→ EXTRACTED DATA:
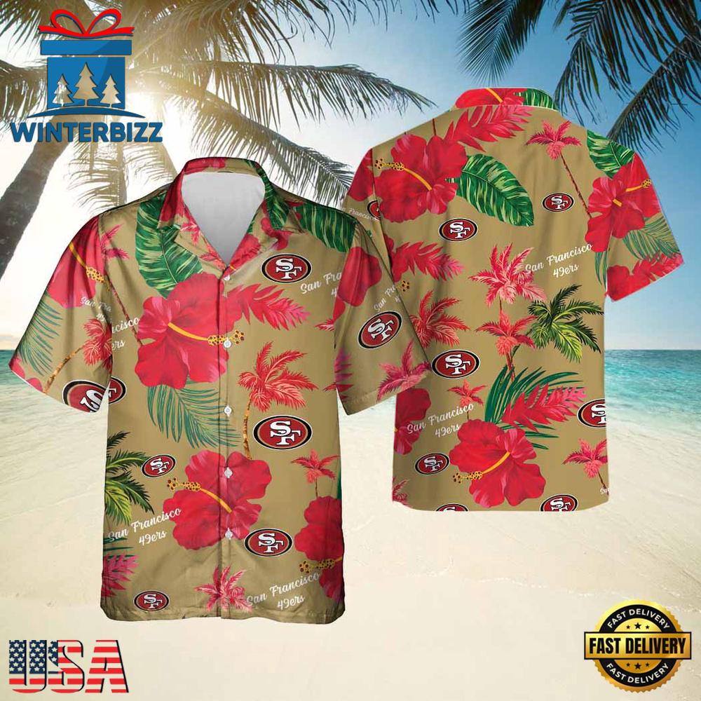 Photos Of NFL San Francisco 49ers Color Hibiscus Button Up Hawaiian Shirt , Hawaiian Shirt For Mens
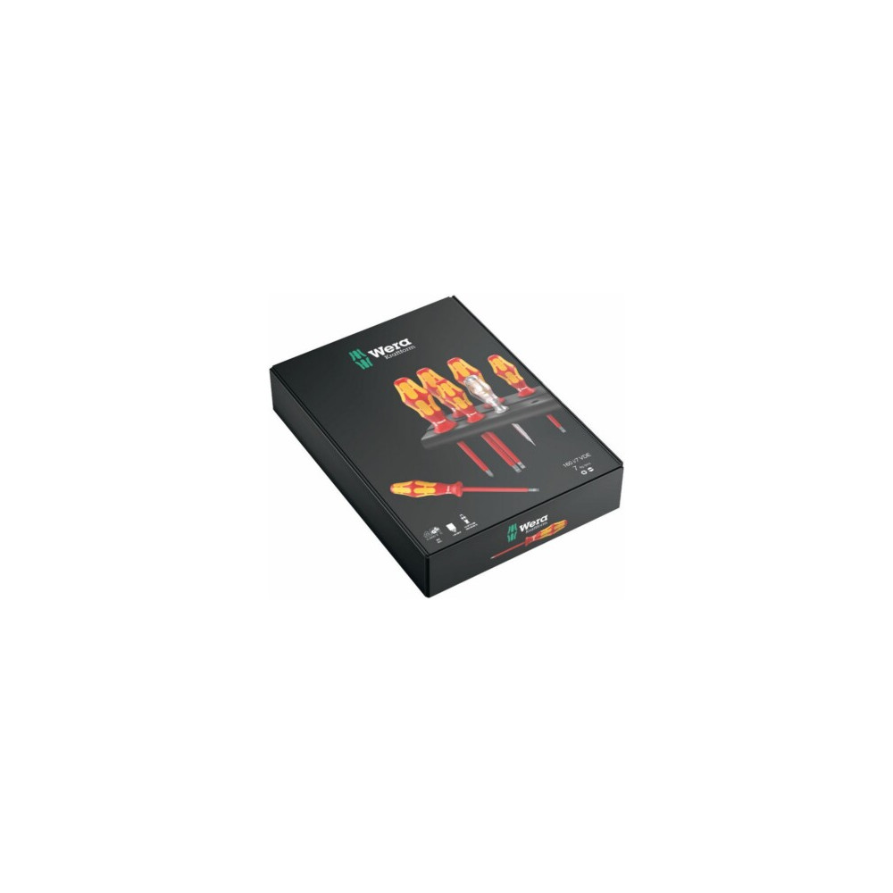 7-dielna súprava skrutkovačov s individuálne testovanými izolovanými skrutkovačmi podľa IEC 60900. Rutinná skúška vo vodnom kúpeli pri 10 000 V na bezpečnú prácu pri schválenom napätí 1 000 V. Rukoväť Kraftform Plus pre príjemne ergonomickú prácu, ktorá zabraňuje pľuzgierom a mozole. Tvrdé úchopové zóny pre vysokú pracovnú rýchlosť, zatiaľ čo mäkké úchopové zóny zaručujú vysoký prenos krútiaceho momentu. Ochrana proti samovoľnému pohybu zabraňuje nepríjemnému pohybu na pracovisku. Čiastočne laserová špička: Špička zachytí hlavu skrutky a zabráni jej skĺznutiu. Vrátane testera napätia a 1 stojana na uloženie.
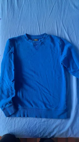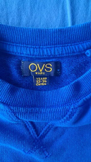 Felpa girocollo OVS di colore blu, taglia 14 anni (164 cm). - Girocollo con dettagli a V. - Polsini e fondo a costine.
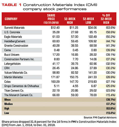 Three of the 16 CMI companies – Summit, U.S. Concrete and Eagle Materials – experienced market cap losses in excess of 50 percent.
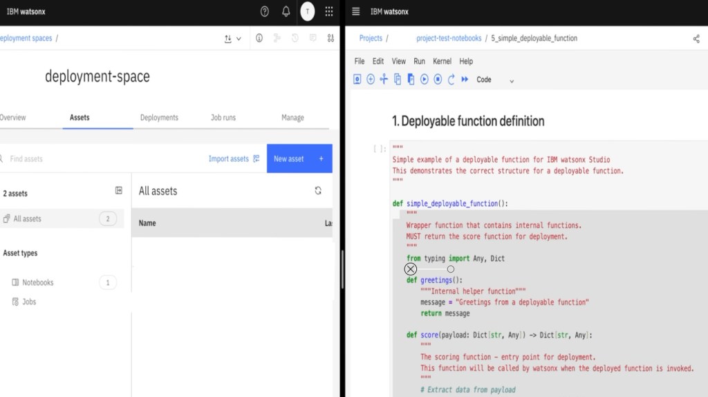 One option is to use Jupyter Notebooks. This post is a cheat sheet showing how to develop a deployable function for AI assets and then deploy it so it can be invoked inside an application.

→ WORK REQUIRED:
Only the text is to be copied: please reproduce the records exactly and drop the pictures.

→ ANSWER SPACE:
 Photos Of NFL San Francisco 49ers Color Hibiscus Button Up Hawaiian Shirt , Hawaiian Shirt For Mens
 7-dielna súprava skrutkovačov s individuálne testovanými izolovanými skrutkovačmi podľa IEC 60900. Rutinná skúška vo vodnom kúpeli pri 10 000 V na bezpečnú prácu pri schválenom napätí 1 000 V. Rukoväť Kraftform Plus pre príjemne ergonomickú prácu, ktorá zabraňuje pľuzgierom a mozole. Tvrdé úchopové zóny pre vysokú pracovnú rýchlosť, zatiaľ čo mäkké úchopové zóny zaručujú vysoký prenos krútiaceho momentu. Ochrana proti samovoľnému pohybu zabraňuje nepríjemnému pohybu na pracovisku. Čiastočne laserová špička: Špička zachytí hlavu skrutky a zabráni jej skĺznutiu. Vrátane testera napätia a 1 stojana na uloženie.
 Felpa girocollo OVS di colore blu, taglia 14 anni (164 cm). - Girocollo con dettagli a V. - Polsini e fondo a costine.
 Three of the 16 CMI companies – Summit, U.S. Concrete and Eagle Materials – experienced market cap losses in excess of 50 percent.
 One option is to use Jupyter Notebooks. This post is a cheat sheet showing how to develop a deployable function for AI assets and then deploy it so it can be invoked inside an application.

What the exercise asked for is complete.